- _PROVIDED DATA_:
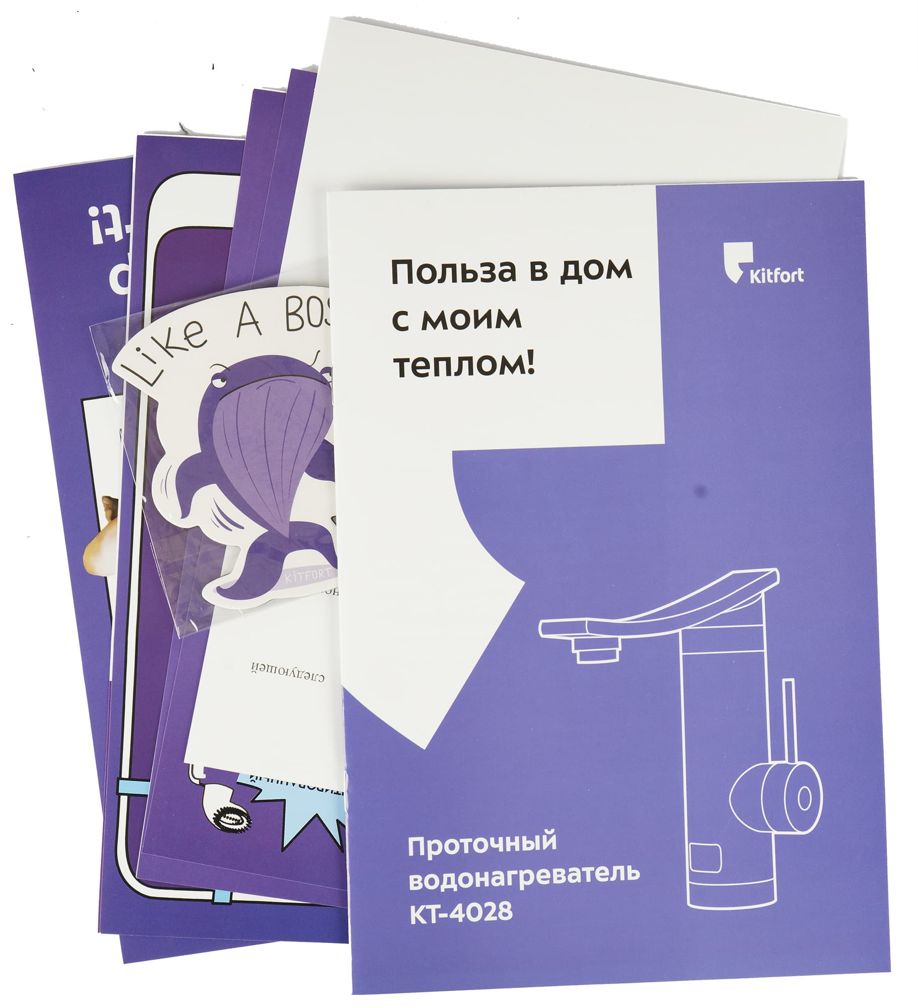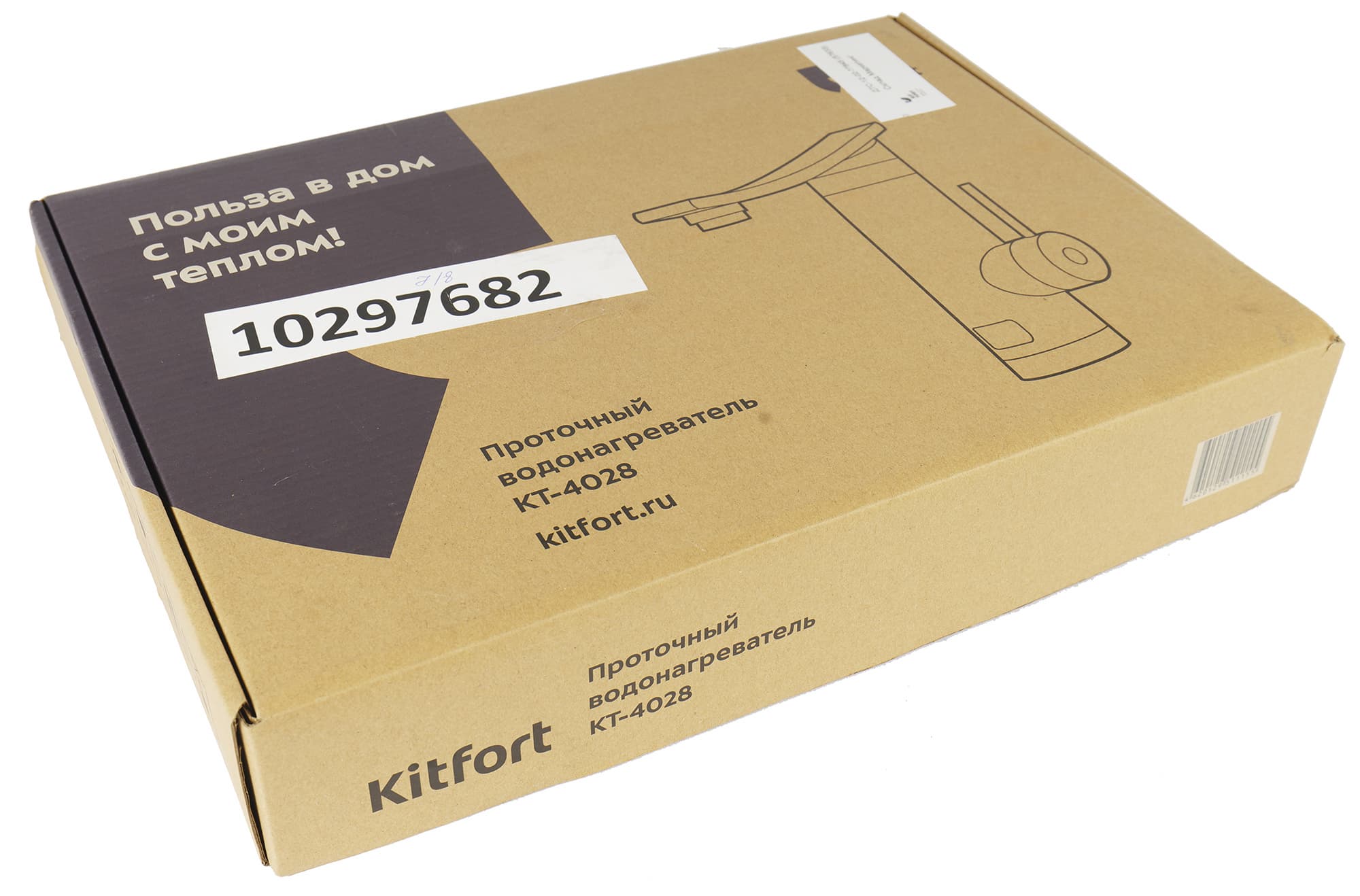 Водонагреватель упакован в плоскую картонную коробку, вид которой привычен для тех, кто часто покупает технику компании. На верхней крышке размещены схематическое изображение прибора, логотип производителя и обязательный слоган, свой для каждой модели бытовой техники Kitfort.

==

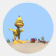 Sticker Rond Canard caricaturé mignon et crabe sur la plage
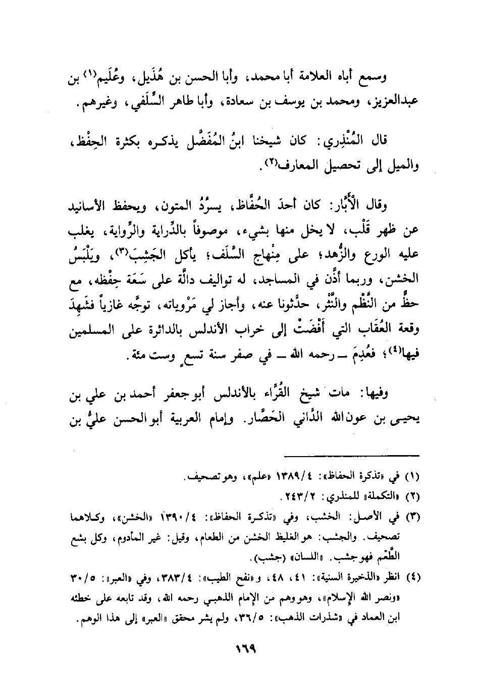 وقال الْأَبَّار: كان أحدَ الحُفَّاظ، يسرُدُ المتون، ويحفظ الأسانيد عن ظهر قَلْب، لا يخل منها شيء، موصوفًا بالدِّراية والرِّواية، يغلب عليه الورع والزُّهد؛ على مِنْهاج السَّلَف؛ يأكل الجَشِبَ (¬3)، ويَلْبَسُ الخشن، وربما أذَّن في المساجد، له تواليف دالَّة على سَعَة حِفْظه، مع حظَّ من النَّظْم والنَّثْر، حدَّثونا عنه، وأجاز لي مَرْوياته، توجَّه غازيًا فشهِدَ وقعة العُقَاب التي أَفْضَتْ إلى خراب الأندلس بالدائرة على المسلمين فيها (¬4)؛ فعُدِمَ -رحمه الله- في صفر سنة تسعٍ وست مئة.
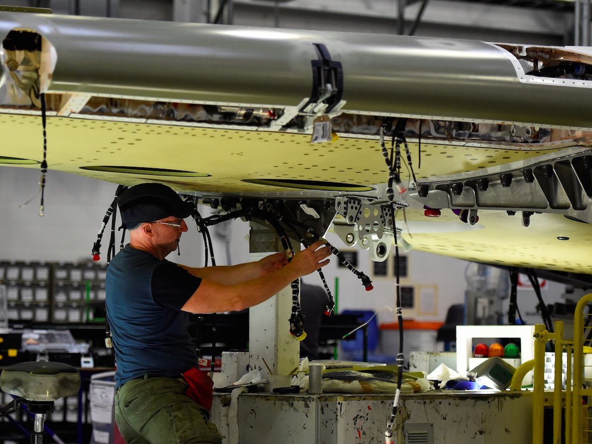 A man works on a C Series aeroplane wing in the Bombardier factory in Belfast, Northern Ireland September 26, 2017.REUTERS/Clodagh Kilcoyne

- _YOUR GOAL_:
Given the records above, return the lines starting at the one that holds "وقال الْأَبَّار: كان" and ending at the one that holds "A man works", exactly, and nothing besides; leave every picture out.

- _RESPONSE TO THE TASK_:
 وقال الْأَبَّار: كان أحدَ الحُفَّاظ، يسرُدُ المتون، ويحفظ الأسانيد عن ظهر قَلْب، لا يخل منها شيء، موصوفًا بالدِّراية والرِّواية، يغلب عليه الورع والزُّهد؛ على مِنْهاج السَّلَف؛ يأكل الجَشِبَ (¬3)، ويَلْبَسُ الخشن، وربما أذَّن في المساجد، له تواليف دالَّة على سَعَة حِفْظه، مع حظَّ من النَّظْم والنَّثْر، حدَّثونا عنه، وأجاز لي مَرْوياته، توجَّه غازيًا فشهِدَ وقعة العُقَاب التي أَفْضَتْ إلى خراب الأندلس بالدائرة على المسلمين فيها (¬4)؛ فعُدِمَ -رحمه الله- في صفر سنة تسعٍ وست مئة.
 A man works on a C Series aeroplane wing in the Bombardier factory in Belfast, Northern Ireland September 26, 2017.REUTERS/Clodagh Kilcoyne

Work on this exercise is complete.